» **DATASET EXTRACT**:
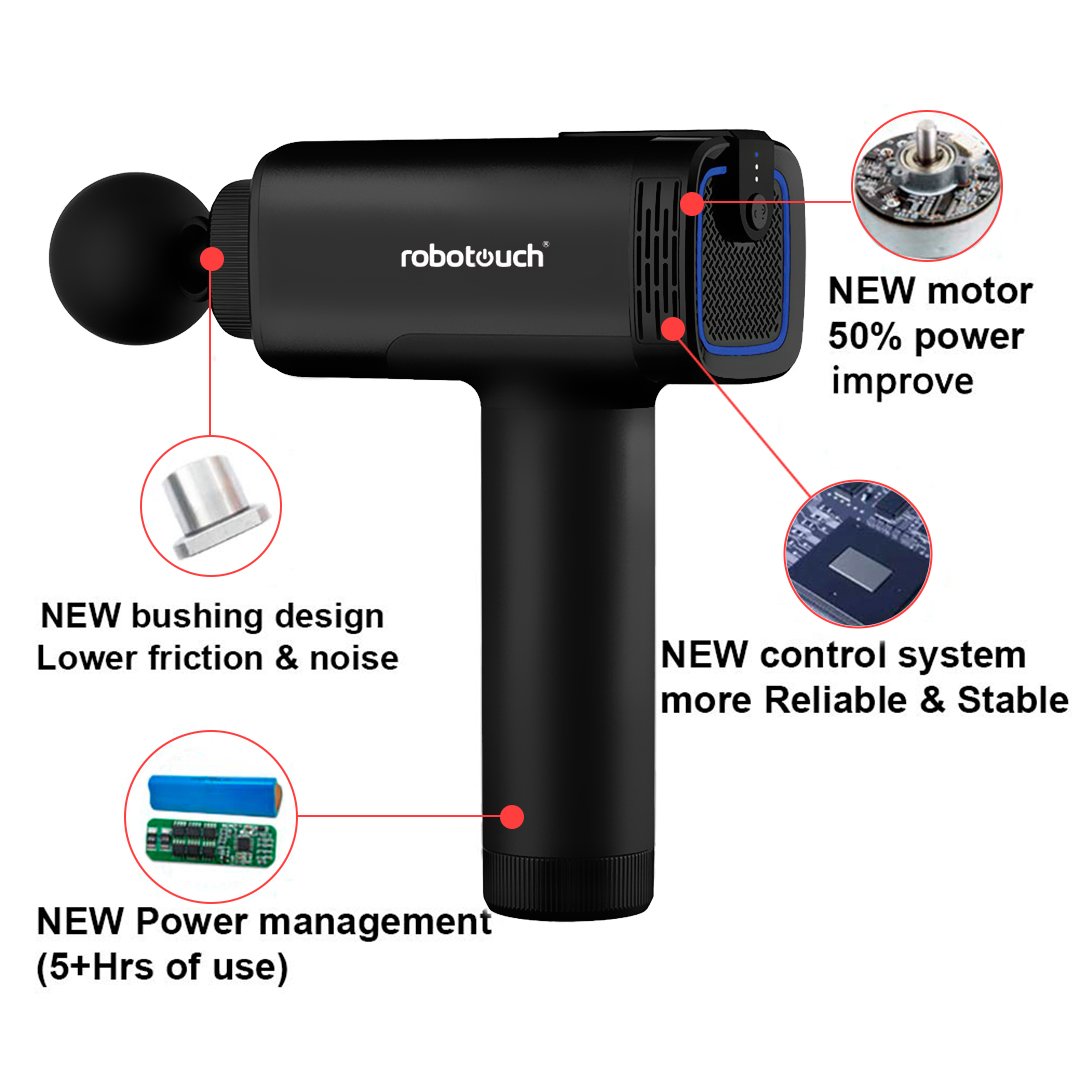 TorqueL Pro Massage Gun by RoboTouch is a wireless, state-of-the-art massage device that helps to reduce muscle soreness and tension, promote blood circulation, optimize mobility and improve the general condition of the body ‘s musculoskeletal system.
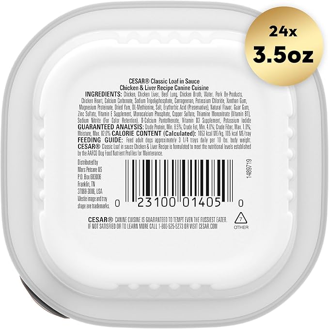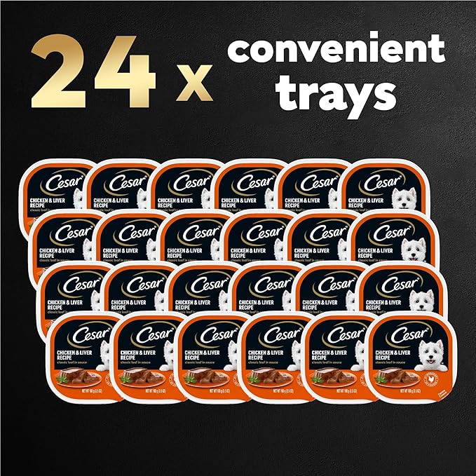 • Contains twenty-four (24) 3.5 oz. easy peel trays of CESAR Wet Dog Food Classic Loaf in Sauce Chicken and Liver Recipe
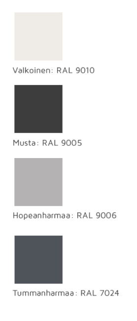 Värivaihtoehdot: musta, valkoinen, hopeanharmaa, tummanharmaa. Tilauksesta saatavilla myös muita värejä, kysy lisää!
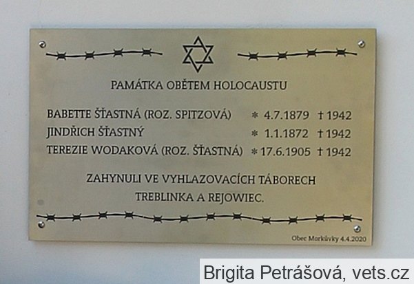 Umístění: Morkůvky, hřbitov, na zdi bývalé márnicePAMÁTKA OBĚTEM HOLOCAUSTU

» **PROBLEM REQUIREMENTS**: Write out the data once more exactly, omitting the pictures.

» **SOLUTION BELOW**:
 TorqueL Pro Massage Gun by RoboTouch is a wireless, state-of-the-art massage device that helps to reduce muscle soreness and tension, promote blood circulation, optimize mobility and improve the general condition of the body ‘s musculoskeletal system.
 • Contains twenty-four (24) 3.5 oz. easy peel trays of CESAR Wet Dog Food Classic Loaf in Sauce Chicken and Liver Recipe
 Värivaihtoehdot: musta, valkoinen, hopeanharmaa, tummanharmaa. Tilauksesta saatavilla myös muita värejä, kysy lisää!
 Umístění: Morkůvky, hřbitov, na zdi bývalé márnicePAMÁTKA OBĚTEM HOLOCAUSTU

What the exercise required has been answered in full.